DESCRIPTION OF THE TASK:
Below is a listing from which only part is wanted; return exactly the lines from the one with "AK Maria Steinbach, Ortsansicht" up to and including the one with "Виды штекеров и входы на белом фоне".

RECORDS FOR THE EXERCISE:
^^^^

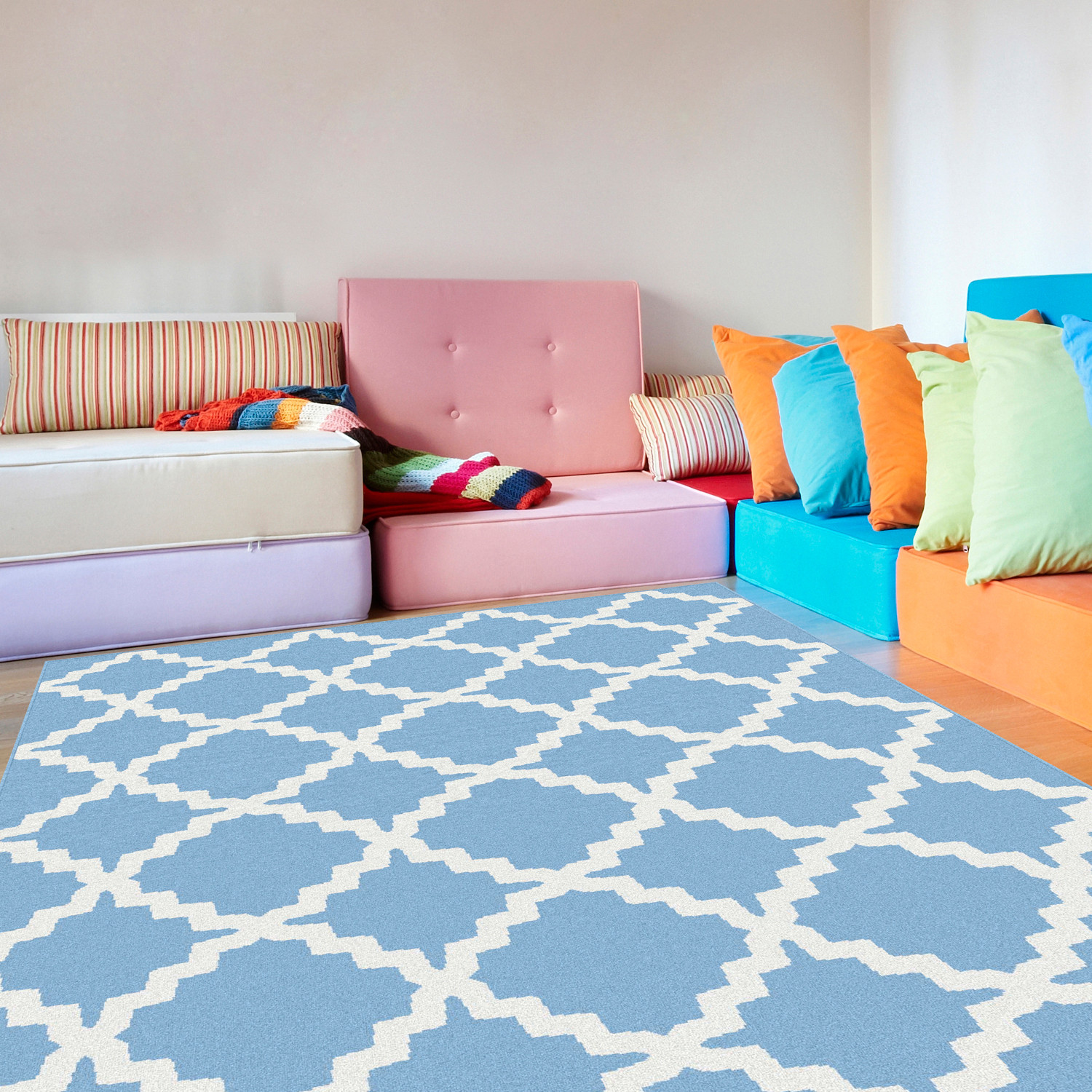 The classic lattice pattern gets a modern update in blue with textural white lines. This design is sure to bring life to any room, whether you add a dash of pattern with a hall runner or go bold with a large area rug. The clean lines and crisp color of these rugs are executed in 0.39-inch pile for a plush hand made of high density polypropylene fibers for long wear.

^^^^

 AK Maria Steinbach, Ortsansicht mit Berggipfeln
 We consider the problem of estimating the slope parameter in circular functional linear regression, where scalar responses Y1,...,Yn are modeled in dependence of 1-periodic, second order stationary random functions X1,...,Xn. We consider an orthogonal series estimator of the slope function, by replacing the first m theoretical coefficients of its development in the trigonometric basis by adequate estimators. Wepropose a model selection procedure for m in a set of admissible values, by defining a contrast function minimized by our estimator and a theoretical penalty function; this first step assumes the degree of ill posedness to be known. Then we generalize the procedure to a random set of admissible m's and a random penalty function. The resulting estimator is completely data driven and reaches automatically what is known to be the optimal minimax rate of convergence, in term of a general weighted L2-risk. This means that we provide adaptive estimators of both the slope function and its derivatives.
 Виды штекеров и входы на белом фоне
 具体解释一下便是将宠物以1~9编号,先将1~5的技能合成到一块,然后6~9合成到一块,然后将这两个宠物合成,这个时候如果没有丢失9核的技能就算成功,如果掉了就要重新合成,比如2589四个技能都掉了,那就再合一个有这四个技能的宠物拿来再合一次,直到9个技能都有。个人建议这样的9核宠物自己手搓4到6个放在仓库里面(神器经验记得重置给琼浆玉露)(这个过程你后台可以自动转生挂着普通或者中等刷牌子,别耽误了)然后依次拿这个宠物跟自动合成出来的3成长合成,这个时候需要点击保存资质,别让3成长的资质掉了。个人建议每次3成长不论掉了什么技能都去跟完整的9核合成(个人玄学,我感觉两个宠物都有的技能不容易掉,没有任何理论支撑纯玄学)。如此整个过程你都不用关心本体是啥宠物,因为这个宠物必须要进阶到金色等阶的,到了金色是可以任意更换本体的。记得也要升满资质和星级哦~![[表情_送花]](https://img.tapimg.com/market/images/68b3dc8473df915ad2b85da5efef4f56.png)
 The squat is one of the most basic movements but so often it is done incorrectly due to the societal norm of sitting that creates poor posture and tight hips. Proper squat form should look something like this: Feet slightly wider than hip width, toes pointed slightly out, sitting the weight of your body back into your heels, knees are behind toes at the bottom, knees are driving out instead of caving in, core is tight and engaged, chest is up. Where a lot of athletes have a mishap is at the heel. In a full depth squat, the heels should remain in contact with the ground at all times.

^^^^

ANSWER TO THIS PROBLEM:
 AK Maria Steinbach, Ortsansicht mit Berggipfeln
 We consider the problem of estimating the slope parameter in circular functional linear regression, where scalar responses Y1,...,Yn are modeled in dependence of 1-periodic, second order stationary random functions X1,...,Xn. We consider an orthogonal series estimator of the slope function, by replacing the first m theoretical coefficients of its development in the trigonometric basis by adequate estimators. Wepropose a model selection procedure for m in a set of admissible values, by defining a contrast function minimized by our estimator and a theoretical penalty function; this first step assumes the degree of ill posedness to be known. Then we generalize the procedure to a random set of admissible m's and a random penalty function. The resulting estimator is completely data driven and reaches automatically what is known to be the optimal minimax rate of convergence, in term of a general weighted L2-risk. This means that we provide adaptive estimators of both the slope function and its derivatives.
 Виды штекеров и входы на белом фоне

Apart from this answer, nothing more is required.